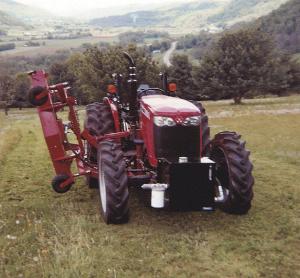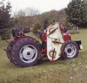 Moving the mower to one side of the tractor makes it fun and easy to operate says Van Dam and I can see everything well without having to look back My Massey Ferguson 2625 tractor has power steering so I can turn the mower around on a dime Also with the mower on the side I can use it to cut grass over gullies where a 3-pt mounted model couldn t go
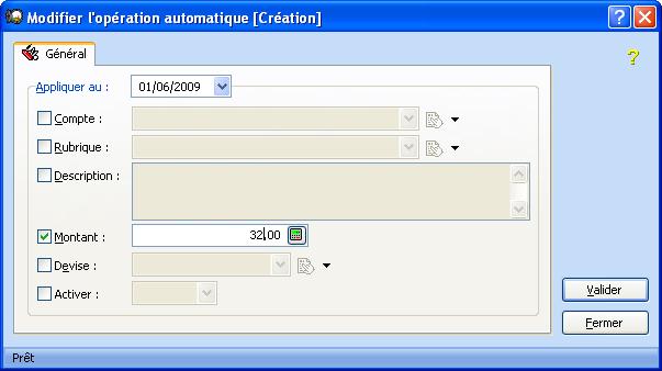 de la convertir en opération (en fixant le tiers, le montant
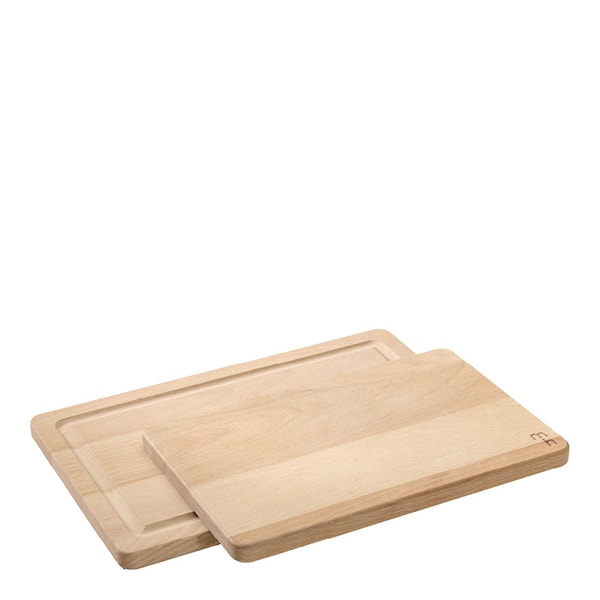 Skärbrädesetet från Modern House i två delar är tillverkat av solid bok och framtaget för att klara daglig användning. Den stora brädan är utrustad med en urfräst blodränna som underlättar vid hantering av kött och gör arbetet renare och mer praktiskt. Den mindre brädan är perfekt för enklare uppgifter som att skära frukt, grönsaker eller frallor, men fungerar även fint som serveringsbräda.

### WORK ORDER:
In your copy, include no pictures and only the lines from the line with "de la convertir" through the final line of the listing above, reproduced exactly.

### THE ANSWER:
 de la convertir en opération (en fixant le tiers, le montant
 Skärbrädesetet från Modern House i två delar är tillverkat av solid bok och framtaget för att klara daglig användning. Den stora brädan är utrustad med en urfräst blodränna som underlättar vid hantering av kött och gör arbetet renare och mer praktiskt. Den mindre brädan är perfekt för enklare uppgifter som att skära frukt, grönsaker eller frallor, men fungerar även fint som serveringsbräda.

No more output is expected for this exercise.